In this section, there are the steps undertaken to preprocess the raw data obtained from the Yoochoose Datasets, providing insights into the rationale behind each operation. Duplicate or empty lines were removed from the original datasets and new csv files were generated. These two files then were loaded into Pandas DataFrames. The data types for the 'Session ID' and 'Item ID' columns were specified, ensuring compatibility and efficient manipulation.

4.2. Timestamp Standardization

One critical aspect of our data preparation involved standardizing the 'Timestamp' column across both data frames. The 'Timestamp' data were converted into datetime objects to facilitate temporal analysis, which is a fundamental requirement for our research.

4.3. Holiday Identification

For context-specific analysis, a new column 'Holiday' was introduced within the cleaned ‘clicks’ data frame. The 'holidays' library was employed to identify dates corresponding to US holidays. This addition assists us in understanding user behavior patterns during holiday periods.

4.4. Temporal Window Consideration

Recognizing that user activity around holidays may extend beyond the holiday date, a 7-day window mechanism was implemented. Instances were identified when user activity occurred within a 7-day window of a holiday. This enhancement offers a more nuanced perspective on user behavior [10].

4.5. Calculation of Key Metrics

To gain deeper insights into user interactions, several key metrics were calculated. These included 'View Time' and 'Number of Clicks.' 'View Time' was derived as the time difference between the first and last timestamp within each session, providing us with a comprehensive view of user engagement. Concurrently, 'Number of Clicks' was computed to quantify user interaction intensity.

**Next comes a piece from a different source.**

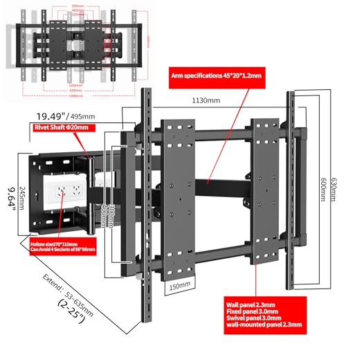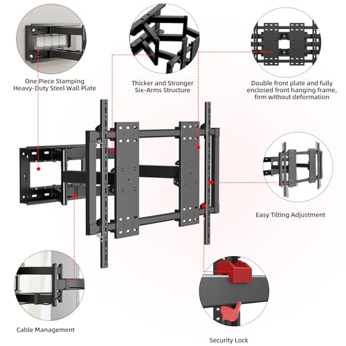 - قوي ومتين: الأذرع الستة المفصلية لحامل التلفزيون مصنوعة من فولاذ مدلفن على البارد، والإطار الأمامي قطعة واحدة مغلقة بالكامل لزيادة الصلابة. كما أن اللوح الخلفي المصنوع بالضغط المتكامل يسمح بتجنب مقابس 86 × 86 ملم، ويمكن تركيبه في غرفة المعيشة أو النوم أو المطبخ أو المكتب.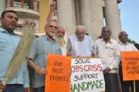 | Event Details: | Members of Grama Seva Sangha led by Freedom Fighter HS Doreswamy protesting against neglecting Handmade products industry, the protest was held at Town Hall, in Bengaluru on Sunday 6th May 2018 |

4.6. Number of Viewed Items

Understanding the diversity of user interactions is crucial. This was quantified by calculating the 'Number of Viewed Items,' capturing the unique items viewed within each session.

4.7. Number of Bought Items

The 'Number of Bought Items' is a significant metric in our research. This information was extracted by counting the unique 'Item ID' values within the cleaned 'buys' data frame. Subsequently, this data was merged with the 'clicks' data frame to enrich the dataset.

4.8. Date Extraction and Aggregation

The date of the first appearance of the 'Timestamp' within each session was captured and merged with other aggregated data. This step allowed us to analyze the relationship between the timing of user interactions and their actions.

4.9. Data Filtering and Sorting

To enhance the quality and interpretability of our dataset, data records were filtered and retained where 'View Time' ranged from 50 seconds to 100,000 seconds, removing outliers. Furthermore, the new data frame was sorted based on the 'Date' column as DateTime objects, ensuring a chronological order for temporal analysis.

4.10. Data Visualization and Outlier Handling

A scatter plot was employed to visualize the 'View Time' data, with each data point representing a session. The x-axis denotes the index of the data points, while the y-axis represents the 'View Time.' This scatter plot provided us with an initial insight into the distribution of 'View Time' across the dataset. During the data visualization phase, it became evident that the View Time in the dataset contained some extreme values, both exceedingly large and exceptionally small. These outliers can adversely affect the reliability of subsequent analyses and may not be representative of typical user behavior.

Before further data processing, the view time in each session is shown in figure 4:

/word/media/image7.png

Figure 4. Scatter Plot of View Time Before Data Processing

From the chart, it can be observed that some View Times are excessively long (over 100,000 seconds), potentially lacking reference value, and could be considered for removal. For View Times that are too short (less than 50 seconds), they should also be removed to ensure more accurate experimental results.

After removing the outliers and small values, the results are shown in the following figure 5.

/word/media/image8.png

Figure 5. Scatter Plot of View Time After Data Processing

5. Exp. Settings

5.1. Machine Learning

5.1.1. Sliding time Window. The time window for the dynamic in the experiments is set from 4 to 6 days. ie. Use data from date 4.1 to 4.5 to predict purchases on 4.6, data from date 4.2 to 4.6 to predict purchases on 4.7, and so on

5.1.2. Data Pre-processing. Since there is an imbalance in the data (the ratio of buy to not buy is close to 1:9),so we need to pre-process the data. First, select a time window, extract the data belonging to this time window, separate the purchased data from the unpurchased data, and then divide the unpurchased data into 9 parts on average, and combine each of the unpurchased data with the purchased data one by one, then we will get 9 training sets

5.1.3. Training Model. In the data preprocessing, we get 9 training sets, we use machine learning once for each training set, then, we will get a total of 9 different model

5.1.4. Test and Combine the Model. We put the test set into each model and we get 9 sets of predictions. In these 9 sets of predicted values, for each sample, if there is P(x) > 0.5 (the predicted probability of successful purchase is greater than 0.5), then this sample is predicted as a successful purchase, otherwise it is predicted as no purchase.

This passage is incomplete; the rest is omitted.